Elle ne reconnaissait pas la tonalité de l’appel du matin. Cela la rassura un peu.
— Alors vous êtes malade ?
— Quoi ?
— On m’a dit que vous étiez malade ?
— Ça ne va pas recommencer, dit-elle en s’énervant. Je porte plainte, vous savez. Je ne plaisante pas.
— Mais vous n’avez pas eu d’opération bancaire depuis plus d’un mois sur votre compte. Vous savez, le protocole exige des opérations bancaires .
— Comment ça, le protocole exige ?
— C’est noté noir sur blanc dans le contrat.
— Mais c’est absurde ! Je suis obligée de dépenser mon argent, c’est ça ?
— Oui.
— Mais j’étais malade, vous comprenez ? Malade. Bloquée chez moi, sans pouvoir bouger ! Comment voulez-vous que j’aille faire les magasins ? Et je ne suis pas du genre à acheter tout et n’importe quoi sur internet !
— Vous n’êtes pas sortie du tout durant toute votre convalescence ?
— Non, combien de fois vais-je vous le dire ? Et qu’est-ce que ça peut vous faire ?
— Moi, personnellement, rien. Mais…
— Mais quoi ?
— Vous auriez pu disparaître !
— Disparaître ? C’est quoi cette nouveauté ? Vous me demandez si je suis morte, si je suis malade, et si je n’ai pas l’intention de disparaître ?
— C’est le protocole.
— Eh bien non, dit-elle en s’énervant, je n’ai pas l’intention de disparaître. Je reste bien tranquillement chez moi, sans dépenser un centime, ça vous va ?

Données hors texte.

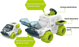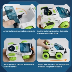 Ce rover spatial futuriste séduit par sa carrosserie blanche avec des éléments verts contrastants et des détails réalistes inspirés des véhicules d’exploration. La cabine transparente et ouvrante permet d’installer confortablement l’astronaute au volant, tandis que le radar interactif se déploie automatiquement en appuyant sur le bouton situé sur le toit et se rétracte en pressant le pare-chocs avant.
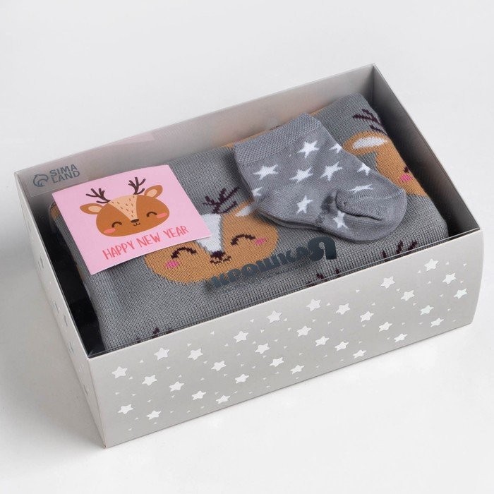 Подарочный набор Крошка Я «Олененок», плед 90х90см, носки 10−12 см
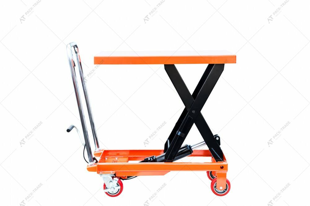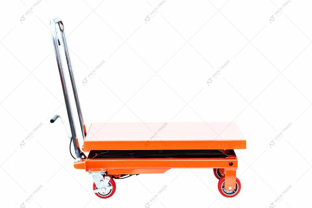 WP500 - модельний ряд візків вантажопідйомністю 500 кг,оснащений одинарним ножичним підйомним механізмом. Стіл призначений для виконання різних транспортних та вантажно-розвантажувальних робіт. Може бути використаний в якості пересувного робочого місця, при виконанні монтажних робіт різного типу складності.
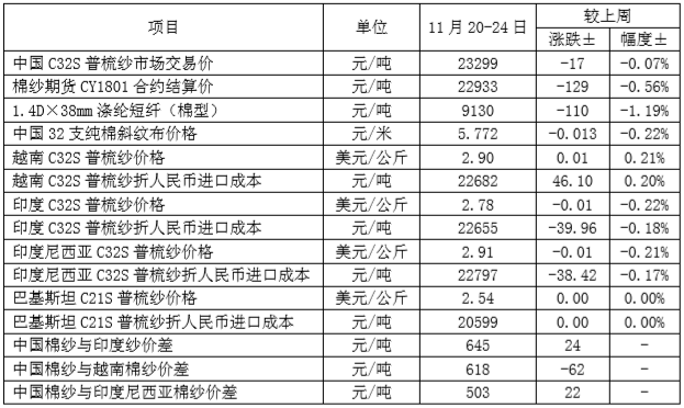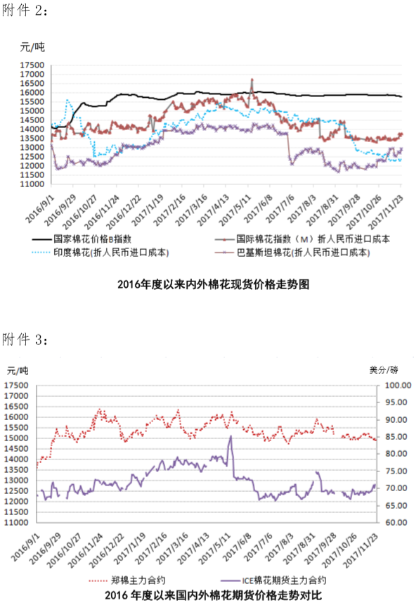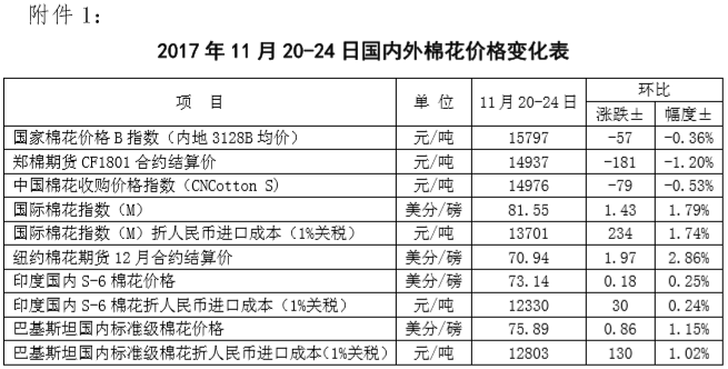 附件1:2017年11月20-24日國內(nèi)外棉花價(jià)格變化表
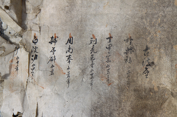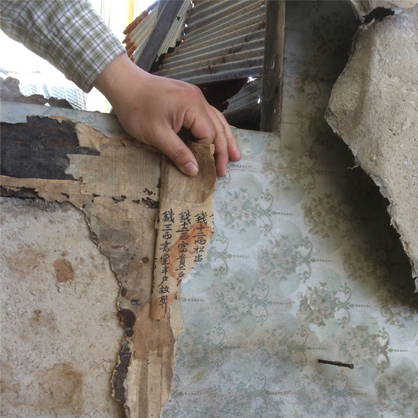 다 무너져 가는 법성진내 고가인데 건물 상량 기록(겉상량)이 있어 헤아려 보니 1829년(道光 玖年)인데 일부 부재만 걸쳐져 있어 하늘이 훤히 보인다는 것. 그리고 또 한가지는 벽에 발라진 벽지에 한문이 많이 쓰여 있어 무슨 문서 같다는 생각이 든다는 것. 목조건축으로도 오래된 연대이지만 ‘벽짝’에 발라진 문서라는 말이 더 와 닿는다.
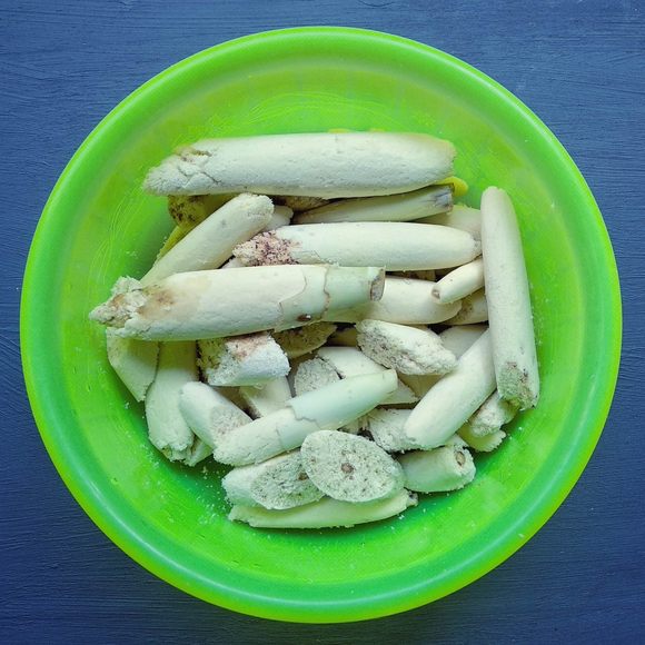 Duruka, also known as Fiji asparagus, is the unopened flower of the Saccharum edule plant, a type of sugarcane. It's a sweet, crumbly vegetable with a flavor similar to corn. The flower is typically sold still bundled in its sheath and is commonly used in Fijian cuisine

— Et comment avez-vous fait pour…
— Pour quoi ?
— Pour les achats du quotidien, par exemple ?
Maddy resta interloquée. Les achats du quotidien ? Qu’est-ce qu’il entendait par là ? Et là encore, qu’est-ce que ça pouvait bien lui faire ?
— Je veux dire, pour manger, par exemple ?
— Je dois avouer que je n’avais pas trop d’appétit, vu mon état.
— Oui, mais quand même.
— Eh bien les voisins se sont occupés de moi. Ils venaient me voir régulièrement.
— Vos voisins ?
— Oui, pourquoi ? Ce sont des amis. On s’entend bien, c’est tout. Vous commencez à me gonfler avec vos questions indiscrètes, c’est décidé : j’appelle la police.
— Attendez, attendez… Vous l’appellerez après.
— Après quoi ?
— Après que vous m’aurez donné les noms de vos voisins et leurs adresses.
— Quoi ?
— Oui. Le protocole. Vous devez déjà me donner le nom de votre médecin, de votre employeur, et de toutes les personnes qui pourront attester de votre absence et de votre maladie. Ce qui aura pour but de clarifier votre dossier.
— Mais quel dossier ?
— Votre tentative de disparition.
— Ma tentative de quoi ? s’étrangla-t-elle.
— De disparition, lui répondit le banquier calmement. Votre passage à l’ennemi, quoi.
— Mon passage à l’ennemi ? Mais quel ennemi ? Nous ne sommes pas en guerre, que je sache ! hurla-t-elle dans le micro de son téléphone.
Son interlocuteur ne fut pas le moins du monde troublé par les cris qu’elle poussait. Il restait aussi calme qu’au début de la conversation. Maddy reprit :
— Vous pensez quoi ? Que je vais changer de banque, c’est ça ? C’est ça, votre ennemi ? si je ne dépense pas mes sous chez vous, c’est peut-être que je les dépense ailleurs ?Et même si c’était vrai, qu’est-ce que cela peut vous foutre ? s’emporta-t-elle.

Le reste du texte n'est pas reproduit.